There are a few (and only a few) things you need to understand in order to make setting up your accounting system easier.
Debits and Credits
These are the backbone of any accounting system. Understand how debits and credits work and you’ll understand the whole system. Every accounting entry in the general ledger contains both a debit and a credit. Further, all debits must equal all credits. If they don’t, the entry is out of balance.
Accounting Basics – 5 Basic Accounting Types:
- Income and
Balance Sheet Accounts
The three so-called Balance Sheet Accounts are Assets, Liabilities, and Equity. Balance Sheet Accounts are used to track the changes in the value of things you own or owe.
Assets are the group of things that you own. Your assets could include a car, cash, a house, stocks, or anything else that has convertible value. Convertible value means that theoretically, you could sell the item for cash.

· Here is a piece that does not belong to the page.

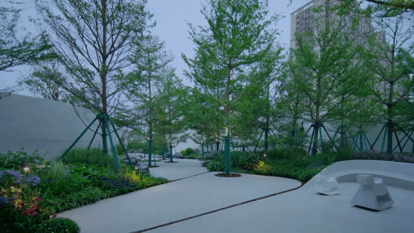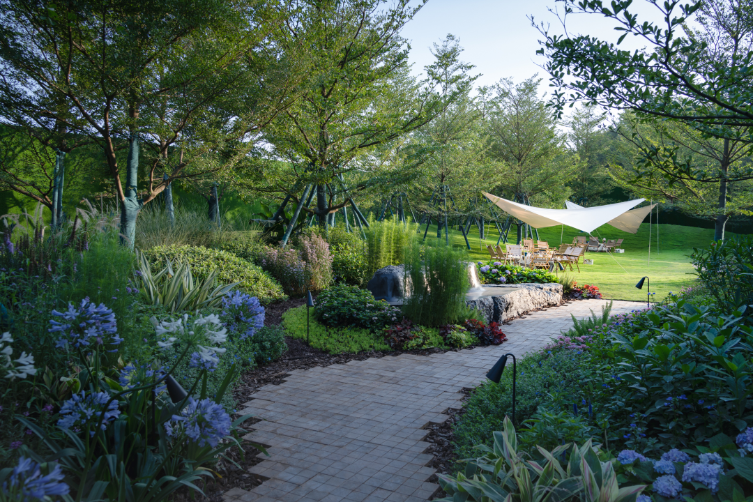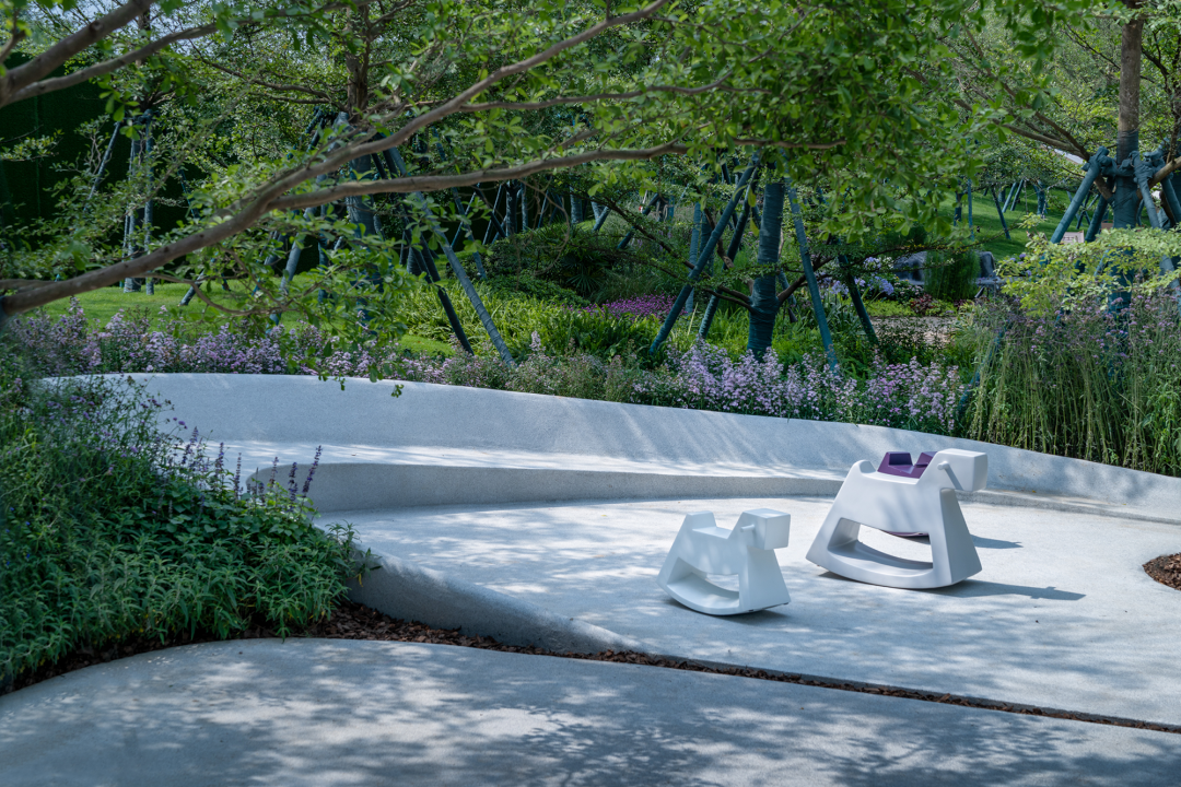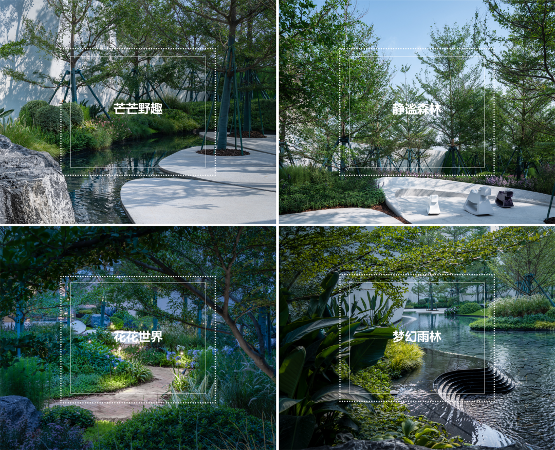 我们首先以一个统一的手法围合场域空间,屏蔽嘈杂的外部环境,形成内向风景、外展界面的布局。由此,内部森系花境的生活沉浸式风景可以纯粹地浮现。

Liabilities are the group of things on which you owe money. Your liabilities could include a car loan, a student loan, a mortgage, your investment margin account, or anything else which you must pay back at some time.
Equity is the same as “net worth.” It represents what is left over after you subtract your liabilities from your assets. It can be thought of as the portion of your assets that you own outright, without any debt.
Income and Expenses Accounts
The two Income and Expense Accounts are used to increase or decrease the value of your accounts.
Income is the payment you receive for your time, services you provide, or the use of your money.
Expenses refer to money you spend to purchase goods or services provided by someone else.